Ask HN: How to find side project friendly companies? - pantsd

The title says most of it, how do you find interesting companies which are cool with side-projects (open source or otherwise)?
======
donw
On one hand, time not spent on product is time not improving the bottom line.
Period. For a small company, that can easily mean instant death.

On the other hand, I've regularly taken a day or two off at times when I
needed a break from working on our primary product, and ended up writing stuff
that either massively improved my programming abilities, or contributed in a
huge, but non-obvious, way towards improving our app.

Working on those side-project has helped to keep me energized and focused; you
can't spend all day making license plates.

So, I'd hire someone who had a side-project, provided that it didn't conflict
with what the company is doing, and that they were professional enough to not
work on their 'side project' at the office.

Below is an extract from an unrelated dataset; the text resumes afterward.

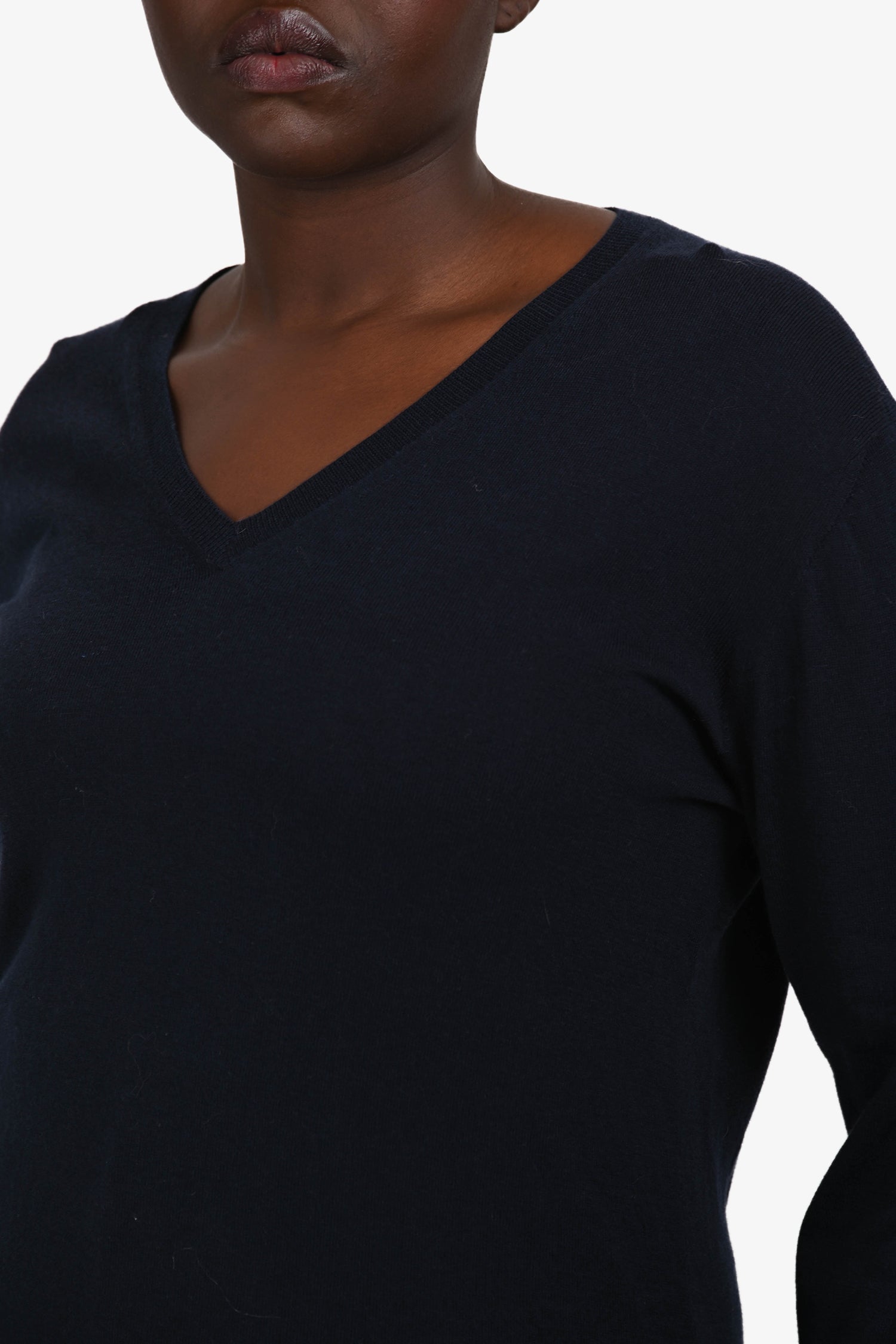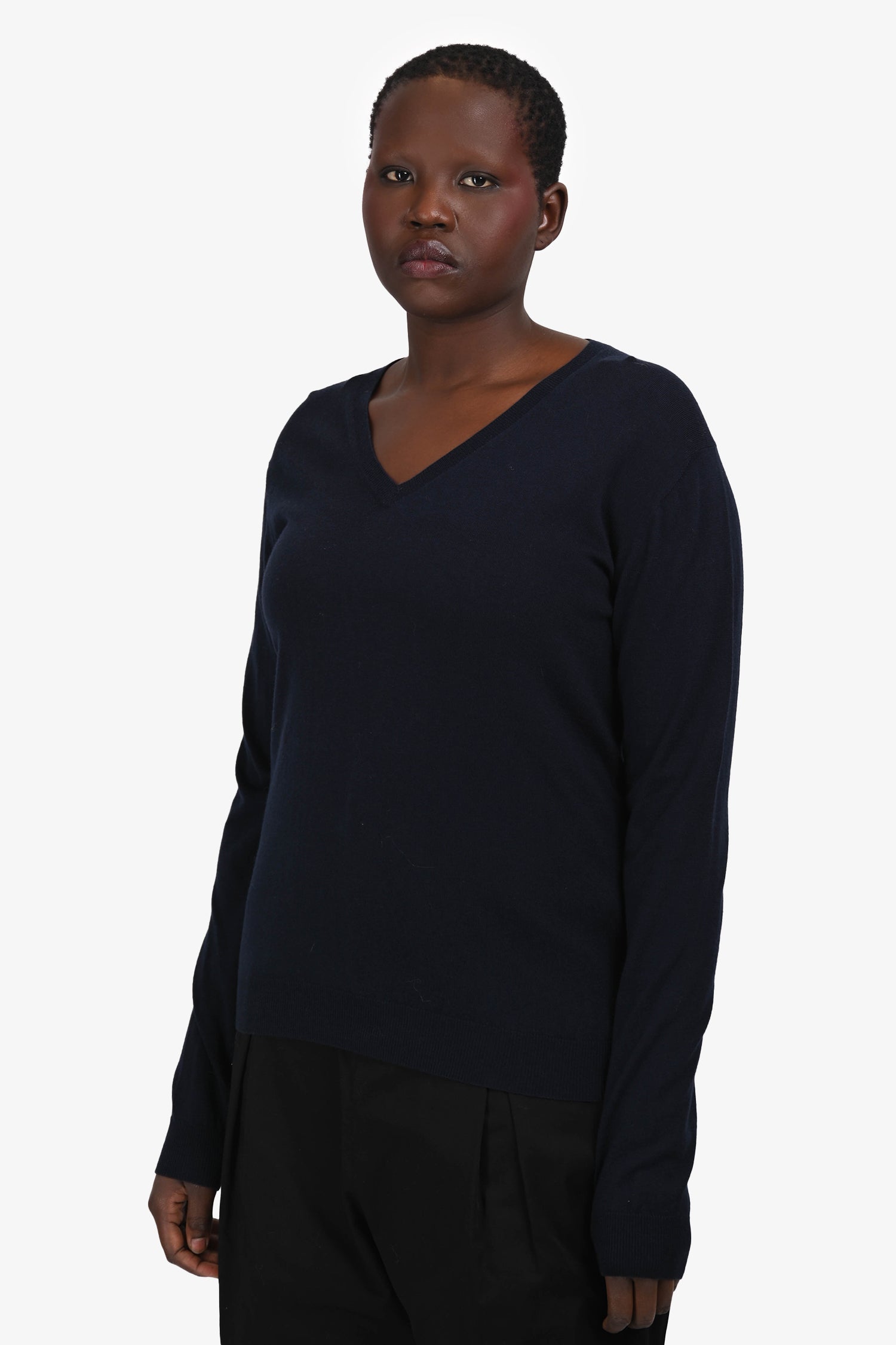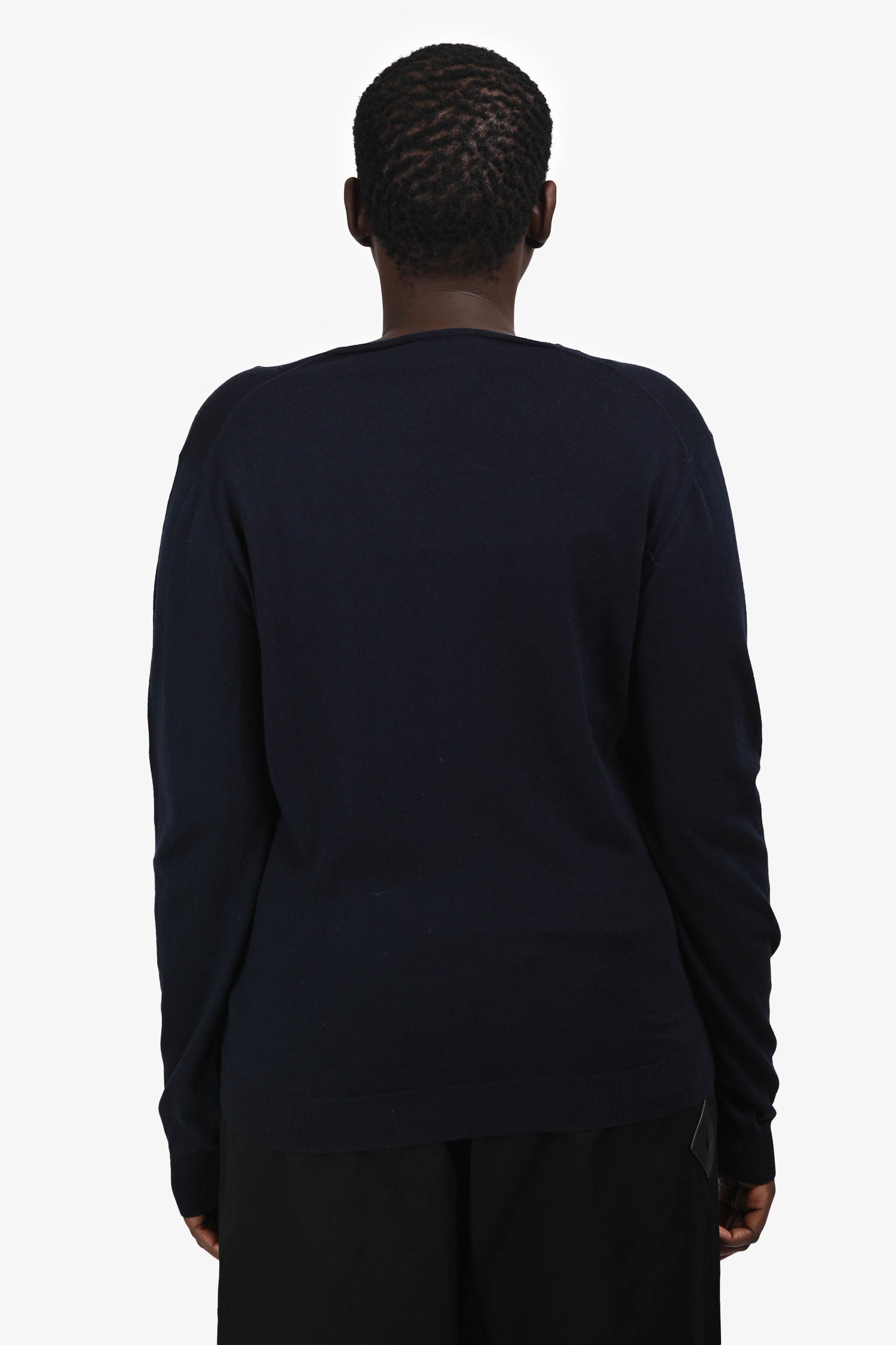 Refresh availabilityPrada Navy Wool Knit V-Neck Sweater. Pull-on. Ribbed neckline, cuffs, and hem. Tonal stitching.
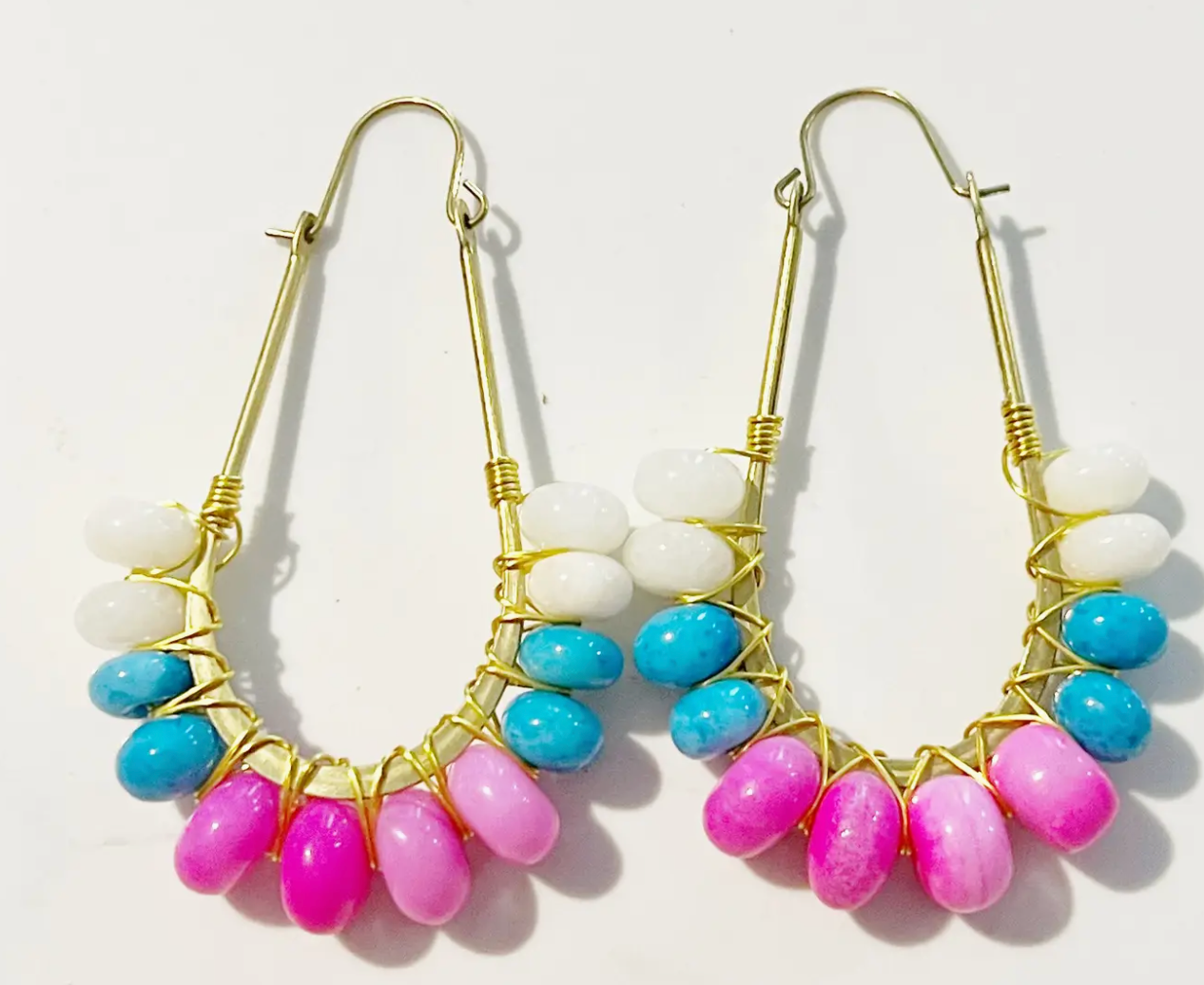 Bright and fun—pink jade & turquoise beads on hoop dangle earrings for a playful statement.

I'd also want to be kept in the loop on what the side project is, because I
want to make sure there isn't a conflict of interest. And also because, if it
turns out that this project could be productized or would otherwise benefit
the company, I could offer to buy it and put them to work on it on company
time.

Alternatively, if an employee's 'side project' turned into their own scrappy
startup, that's fine too, but at that point they really need to leave and
focus on building their own company; it's just too big of a legal risk to keep
them on as full-time employees.

------
hga
One thing, echoing HN user corruption, is that you need to look for companies
that can afford your not devoting 99% of your technical time, effort and
attention to their needs.

I doubt Google had its 20% policy when it was moving from its Stanford lab
foundation to establishing the company, I would think that had to come later.

Even if a company is profitable, that doesn't mean it has this sort of luxury,
but you should probably start out with profitable ones.

I don't think on its face that your desire is crazy, people like you can
provide all sorts of benefits to the company they're working for (e.g. your
network, recognition (would Transmeta have had the slightest chance in the
marketplace if they hadn't hired Linus?), etc.). But raw survival comes first.

------
corruption
If I thought your side project could interfere with your work, I wouldn't hire
you. I've done that before, it did, and it was a problem.